Materials and Methods
Study design
This study was approved and supervised by the Ethics Committee of The Second Hospital of Jilin University, Changchun, China (No. [2018]137). All experiments were performed in accordance with the Code of Ethics of the World Medical Association. All participants provided written, informed consent. This study conformed to the ethical guidelines of the 1975 Declaration of Helsinki, is registered with the Chinese Clinical Trial Registry, and was closed to accrual.
Study participants were categorized into three groups, including LADA participants (Group LADA), T2DM participants (Group DM), and healthy participants (Group NG). Experimental group participants were enrolled from the Department of Endocrinology outpatients and inpatients, The Second Hospital of Jilin University from February to May of 2019 and control group participants were included from the population who underwent physical examination in the hospital during the same period. Each participant was tested using the American Diabetes Association diagnostic criteria to determine whether an individual was healthy or had diabetes. Table 1 shows the characteristics of the Group LADA, Group DM, and Group NG.
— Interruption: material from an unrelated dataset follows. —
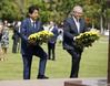 16일 스캇 모리슨 호주 총리와 호주 다윈지역의 전몰자위령비를 찾아 헌화하는 아베 신조 일본 총리(왼쪽). [AP=연합뉴스] |

The Clinical Characteristics of the Study Population
p < 0.05; **p < 0.01; ***p < 0.001; compared with GROUP NG.
p < 0.05; ###p < 0.001; compared with GROUP DM.
ALT, alanine aminotransferase; AST, aspartate aminotransferase; BMI, body mass index; GLU, glucose; HbA1c, hemoglobin A1c; HDL, high-density lipoprotein cholesterol; LADA, latent autoimmune diabetes in adults; TC, total cholesterol; TG, triglyceride.
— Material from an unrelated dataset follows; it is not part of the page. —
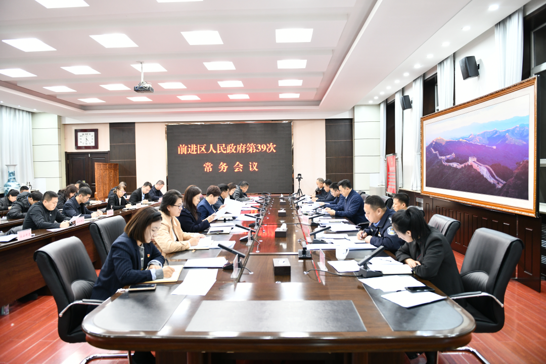 10月31日,区委副书记、区长徐永志主持召开前进区政府第39次常务会议。会议传达学习习近平总书记在庆祝中华人民共和国成立76周年招待会上的重要讲话精神、《求是》杂志发表的习近平总书记重要文章《中华民族共同体的形成和发展是人心所向、大势所趋、历史必然》、习近平在听取新疆维吾尔自治区党委和政府工作汇报时的讲话精神。传达学习党的二十届四中全会精神、《中共中央关于制定国民经济和社会发展第十五个五年规划的建议》及说明。传达省、市政府常务会议精神,听取全区“十五五”规划进展、秸秆禁烧管控、乡村振兴资金使用等工作情况汇报,安排部署下步工作。

LADA definition and whole blood sample collection
The LADA group contained participants who were 30-55 years at the time of diabetes diagnosis, who did not require insulin treatment for at least 6 months after diagnosis, and who had glutamic acid decarboxylase autoantibody or other islet cell autoantibody (islet cell antibody-IgG, zinc transporter-8 antibody, insulin autoantibody, and protein tyrosine phosphatase-like IA-2 autoantibody) positivity. Exclusion criteria included other special types of diabetes or gestational diabetes, malignancies, serious liver and kidney dysfunction, any other acute or chronic inflammatory diseases, untreated essential hypertension (≥160/100 mmHg), any endocrine diseases other than diabetes, any acute and chronic diabetic complications, and pregnant or lactating women. Details of antibody positivity in the LADA group were provided in Supplementary Table S1.
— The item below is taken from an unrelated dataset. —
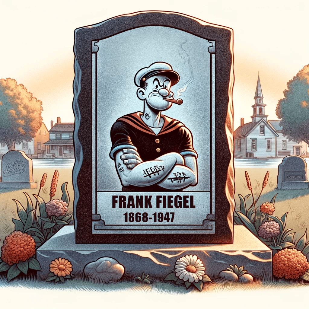 Po śmierci Franka, mieszkańcy Chester postanowili upamiętnić swojego niezwykłego sąsiada. Na nagrobku Franka Fiegela umieszczono wizerunek Popeye’a, aby każdy mógł wiedzieć, kto był prawdziwym bohaterem za tą komiksową legendą. Frank Fiegel zmarł 24 marca 1947. Początkowo został pochowany w nieoznakowanym grobie obok swojej matki. Dopiero w 1996 roku, dzięki staraniom oficjalnego Klubu Fanów Popeye’a, jego grób otrzymał właściwy nagrobek z wyrytym wizerunkiem Popeye’a z 1929 roku. Ten gest miał na celu oddanie hołdu człowiekowi, który swoim życiem i charakterem zainspirował jedną z najbardziej rozpoznawalnych postaci w popkulturze.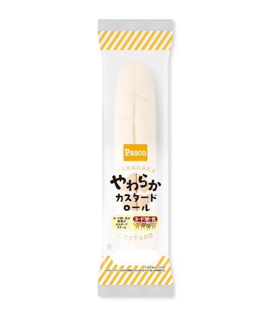 今回発売する「やわらかカスタードロール」は、ふんわりやわらかい白焼きのパン生地に、日本農産工業株式会社の「ヨード卵・光」の卵黄入りのカスタードクリームをはさみました。(カスタードクリーム中の卵黄のうち、96%がヨード卵・光の卵黄です。)

RNA library sequencing and subsequent bioinformatics analysis
Venous blood samples were collected from three groups. Total RNA of each specimen was quantified, and quality assurance was confirmed using NanoDrop ND-1000 spectrophotometer (NanoDrop, Wilmington, DE, USA). Standard denaturing agarose gel electrophoresis was performed to assess RNA integrity. For each sample we pooled random 3 RNA samples in each group, to limit variation due to differences in vector injection. Cloud-Seq Biotech (Shanghai, China) performed transcriptome high-throughput sequencing and subsequent bioinformatics analysis.
Briefly, total RNA quality was assessed using agarose gel electrophoresis and quantified using a NanoDrop spectrophotometer (NanoDrop). The Ribo-Zero™ Magnetic Kit (Epicentre Technologies, Madison, WI, USA) was applied to remove ribosomal RNA. Sequencing library was then prepared using the TruSeq RNA Library Preparation Kit (Illumina, San Diego, CA, USA) in accordance with the Illumina protocol and then evaluated using an Agilent 2100 Bioanalyzer (Agilent Technologies, Palo Alto, CA, USA). RNA libraries were sequenced with 150 bp paired-end read lengths on an Illumina HiSeq 4000 platform (Illumina).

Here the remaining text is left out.